- I’m on a panel at the Science Museum on Friday 21 February! Tickets are already sold out, but maybe you’ll get lucky … [Science Museum]
- And I’m flying to Vancouver the next day, for a documentary on the collapse of the Quadriga crypto exchange! I may have two seconds spare to meet up with anyone else in Vancouver — apart from fellow subject Amy Castor — but it’s not looking likely …
Massive attack
Jacob Kostecki has called off his crypto conference Massive Adoption, which I covered last week. Amy Castor writes it up. [Modern Consensus]
Kostecki confirmed to Amy that the Jedrek Kostecki who’s been ragging on him on Twitter for the past few years is indeed his brother. Jedrek also showed up on Reddit /r/buttcoin: [Reddit]
I don’t have anything to do with crypto, I just said that crypto is a f—ing scam and proof positive is that my brother is into it.
Do you want to hear about all the family members he owes money to? The $60k he owes me? The opulent spending he does when he gets his hands on any money? All the promises he’s made to pay back money? The people who he’d been friends with since high school who reached out to me to confirm that no, the won’t get the money they lent him after 20 years of friendship back? The cops who came to my house looking for him who’d end up harassing my then-pregnant fiancee instead?
Chris Doerfler found the source of the Massive Adoption flaming “M” logo — Berkshire web consultants, My Media Consultancy. This is quite possibly the lowest-effort intellectual property appropriation you’ll see today. Kostecki says he bought the logo online for $50. Mike Olthoff found a pile of other co-options of the logo. [My Media Consultancy; Kostecki Twitter, archive; Olthoff Twitter]
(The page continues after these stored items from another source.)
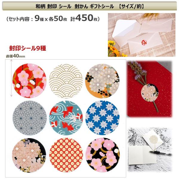 ギフトシール 招待状 案内状 お礼 感謝 Thank you シール ラベル ステッカー 封印 封かん ギフト ラッピング プレゼント(和柄9種 450枚)
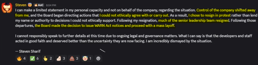 >>555867441Steven sold out to VCs, left the company, and now the board of directors created by the VCs he sold out to are laying off a shitload of the team.Literally took the money and ran.
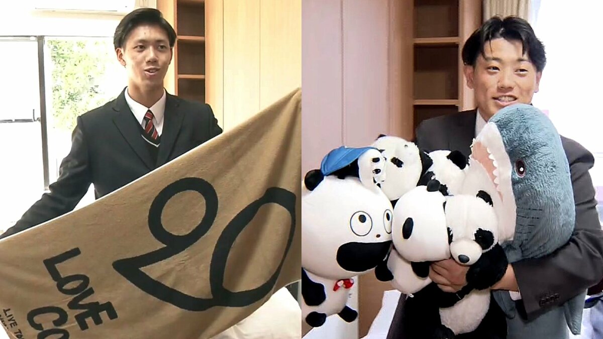 真っ赤なネクタイで気合を入れて入寮したのは、ドラフト3位の勝田成選手(近畿大)。しかし、バッグから出てきたのは大量のパンダなどのぬいぐるみ!

The Internet of Awful Things
IOTA continues to be a dysfunctional project full of obnoxious nutters. The latest conflict is between Sergey Ivancheglo (a.k.a. Come From Beyond) — the guy who claimed that security holes in IOTA were deliberately put there as “open source copy-protection” — and David Sønstebø, both formerly of Jinn Labs. Sønstebø and Ivancheglo are pointing fingers at each others, threatening lawsuits and police and so on.
There’s also $20 million in IOTA that Sønstebø has decided is his now — which is actually IOTA tokens from the original crowdsale that weren’t picked up by the buyers at the time.
Reddit user catlong-is-long from /r/buttcoin has attempted a short timeline of the present mess, for your popcorn munching — if not enlightenment as such. [Reddit]
ICO ICO
In SEC v. Telegram, the SEC has filed more court documents listing possible investors in Telegram’s $1.7 billion ICO for Grams — CoinDesk goes through the candidates. [CoinDesk]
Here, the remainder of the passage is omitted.